In the early days, after graduating college, our net worth seemed to grow so slowly (maybe $5,000 to $10,000 a year)…then all of a sudden we fast forward to six years later and we are looking at increases of $70,000 to $100,000 a year. That, my friends, is a beautiful thing. The effect is exponential if you can be disciplined and consistent. Now obviously, income has also played a very important role in getting us to this point and will continue to do so for some years to come. I have just realized that it is important to make sure we put a good chunk of that income into productive assets that will put our money to work for us.

It is really hard to start building a net worth without income. If you don’t believe me, try it out and let me know how that goes for you.

I can already see that with a few more years of deliberate saving and investing our net worth can and will be growing at $200,000 or more a year.

How to Increase Your Income & Net Worth

It is more than possible to simultaneously increase your net worth and your income (and highly recommended). The more income you can create, the faster you can reach financial freedom. Here are some ways to increase your income:

Get a raise – I am willing to bet that the majority of the readers on this blog have a day job that likely contributes to most, if not all, of the income you earn. The key to consistent and sizable raises from my experience has been a balance between playing office politics (with those that can affect your career) and delivering measurable value to the organization. And sometimes I have even had to get out of my comfort zone to ask for a raise when my employer didn’t initiate it.

But I will share a little trick with you. At the beginning of every year you need to set goals and expectations with your manager…basically something like, “If I accomplished A, B, and C it would be a very successful year.” Once you have your manager’s approval and input you know what you need to focus on. That way when review time comes around you know exactly what you are being measured against and you will have the ammunition to ask for the raise.

Start a Side Hustle – A side hustle is something you do outside of your regular 9-5 to make extra money. Last year I started a digital marketing and analytics consulting business, where I managed all the PPC activities and analytics for a few clients. Other things I have seen people start include: an iPhone screen repair business, driving for Lyft or Uber in your spare time, renting out a room on AirBNB, multi-level marketing, and many others.

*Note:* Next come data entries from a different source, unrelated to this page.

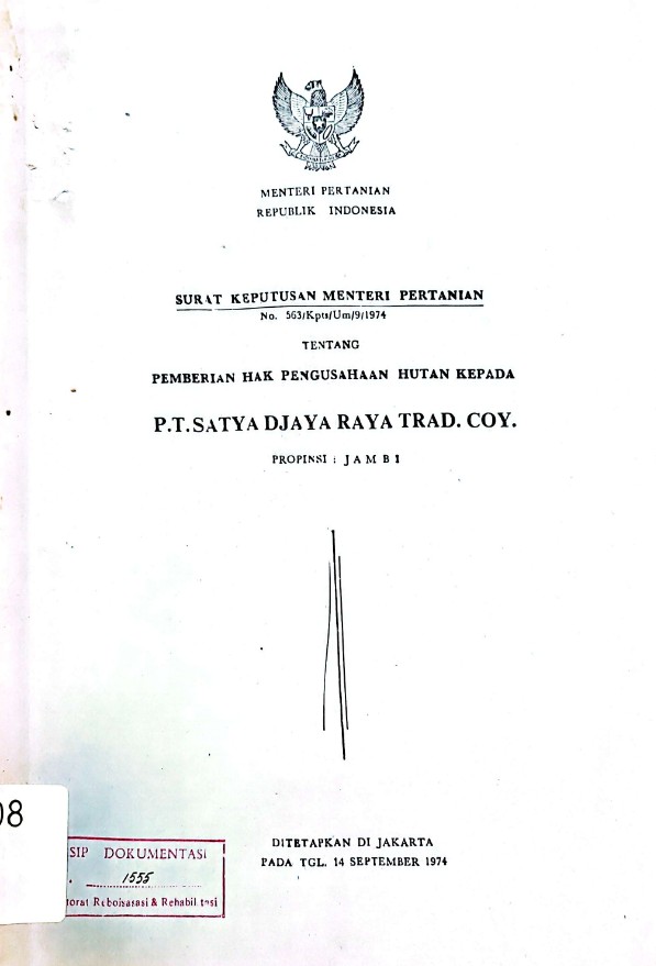 Concession agreement between the Department of Agriculture and PT Satya Djaja Raja ...& Toyo Menka Kaisha ... East Kalimantan
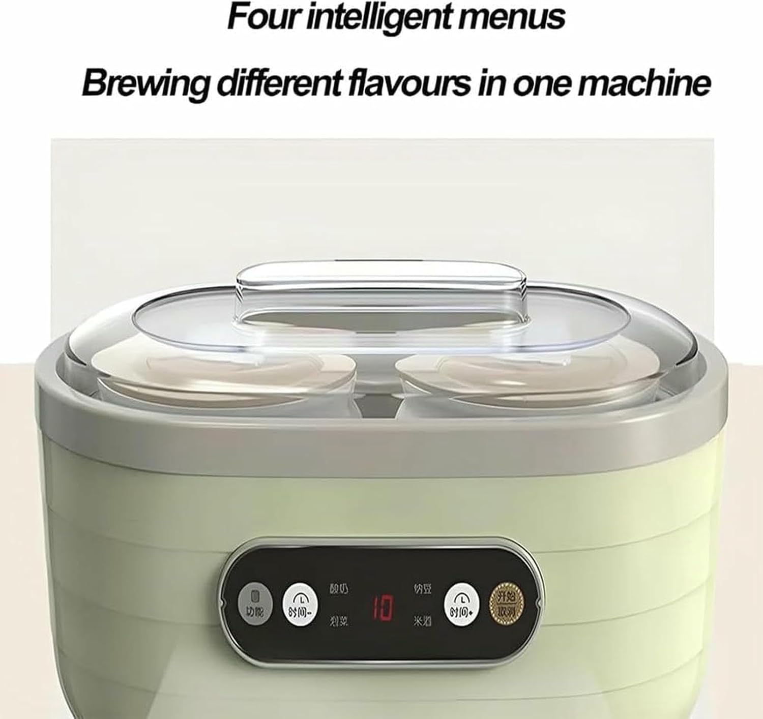 Want to enjoy healthy and delicious homemade yogurt and various delicacies? Our multifunctional yogurt maker is your perfect choice! Not only can you make yogurt, but you can also easily whip up Greek yogurt nachos, cheese, and even rice wine. Large capacity of 1750ml, meeting the needs of the whole family. The LED display allows for free timed temperature control, and the constant temperature setting ensures perfect flavor. 360° heat transfer technology, safe and efficient. Come and upgrade your kitchen experience and start a journey of healthy food!Specification:Product name:Yogurt Maker MachineProduct color: GreenInner liner material: Ceramic LinerRated power: 20WProduct capacity:500-1000mlControl method: High temperature protection, dry burning overheating protectionInner tank configuration: 500ml large cups*2 and 125ml small cups*6Product size :268x161x148mmProduct weight : 2400gScope of application: Fermented yogurt, enzymes, rice wine, dough, fruit vinegar, with heat preservation function.Status: NewNumber of units: 1Standard Product ID: 1Feed ID: 1Brand_name: GenericPacking list:1* Yogurt maker1* Transparent lid2* Large cup2* Large cup lid6* Small cup6* Small cup lid1* Split power cord1* Instruction manualNote:1.Because of lighting and screen variations, the item's color might slightly vary from the picture.2.Due to manual measurement, a 0.5-2 cm discrepancy is permissible.
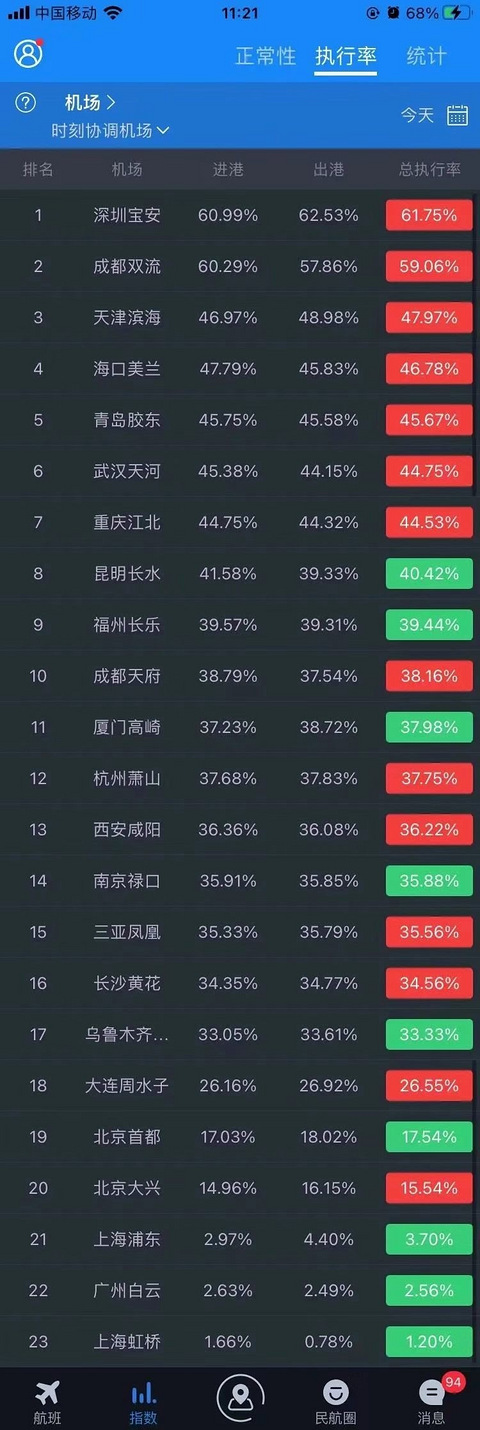 北上广五机场取消率全国前五 来自飞常准的统计,昨日,北、上、广五家机场取消率排全国前五。 上海虹桥取消率98.8%广州白云取消率97.4%上海浦东取消率96.3%北京大兴取消率84.5%北京首都取消率82.5%

Blogging and/or Podcasting – Yes, you can actually make money doing these things. However, this will take a huge investment of your time and effort before paying off. But if you look at guys like Pat Flynn of Smart Passive Income or John Lee Dumas of Entrepreneur On Fire, you will see the kind of income that can be made online if you are willing to put in the time and deliver great content to your community. John Lee Dumas started his podcast in June of 2012 and didn’t make a dime his first 6 months. He barely netted $25,000 in his first year and is now making $300k a month less than three years later.

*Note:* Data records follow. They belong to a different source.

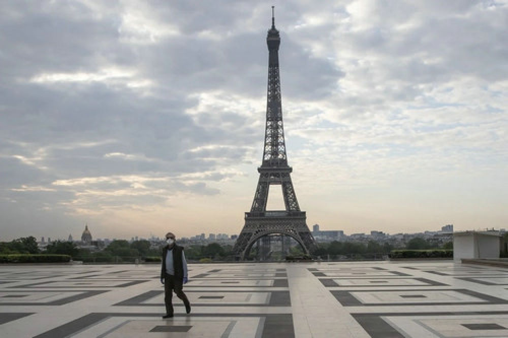 4月24日,一名戴口罩的男子走过巴黎埃菲尔铁塔附近的特罗卡德罗广场。(美联社)
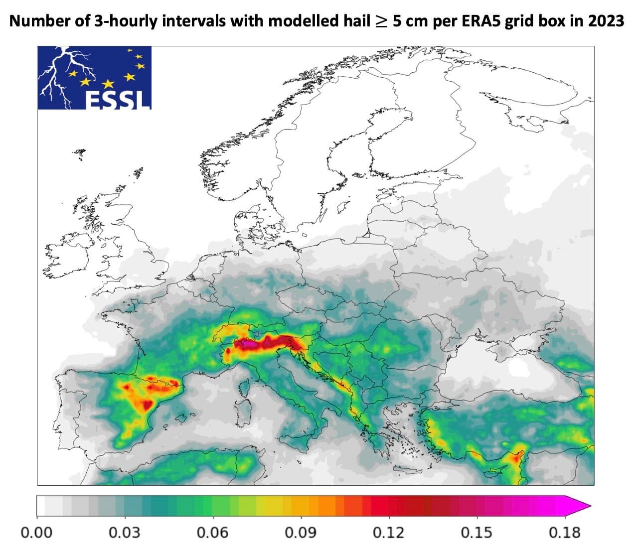 Dnes si připomínáme první výročí Evropského rekordu v úhrnu krupobití o velikosti 19 cm! Severní Itálie byla v tomto roce nejvíce postiženým regionem, což potvrdila analýza ARCHaMo aplikovaná na reanalýzu ERA5. Modelovaná četnost krup o velikosti ≥ 5 cm pro rok 2023 byla o 93,5 % vyšší než průměr z let 1979-2023.
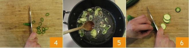 und die Chilischote in Ringe 4. Geben Sie das Öl in einen Topf, fügen Sie sowohl die Frühlingszwiebel als auch die Chilischote hinzu und lassen Sie sie sanft anbraten 5. In der Zwischenzeit schneiden Sie die Zucchini ebenfalls in ziemlich dünne Scheiben 6
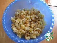На подошедшее тесто высыпаем изюм и присыпаем парой ст. ложек муки, - вмешать изюм в тесто |
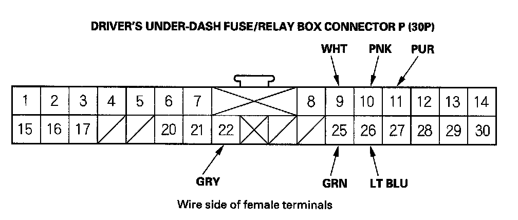 3. Disconnect driver's under-dash fuse/relay box connector P (30P).

Rental Income – This one takes capital to get started and rentals typically require 20% down in order to get a loan. To get around this, you could look into Real Estate Investment Trusts that trade in the stock market (there are non-listed REITS as well). This will allow you to get into real estate with far less capital and still produce some income; you just wouldn’t get the leverage you get with buying the physical property with a mortgage.

Dividend Income – Buy stocks and ETF’s that pay a dividend.

Peer to Peer Lending – This has been an alternative investment that has really blown up in the past 5 years. You can be the bank and loan people money on platforms like Prosper. The loans are anywhere from 3-5 years and typically having a maximum of $35,000 per borrower. The great thing about this is you can invest as little as $25/loan and really spread your capital around. I have seen others saying they are earning around 7% doing this. I personally have just started getting back into this.

Selling Option Premium – This is one of my favorites. You can go and open up an account with TD Ameritrade to get the best investing platform available for FREE.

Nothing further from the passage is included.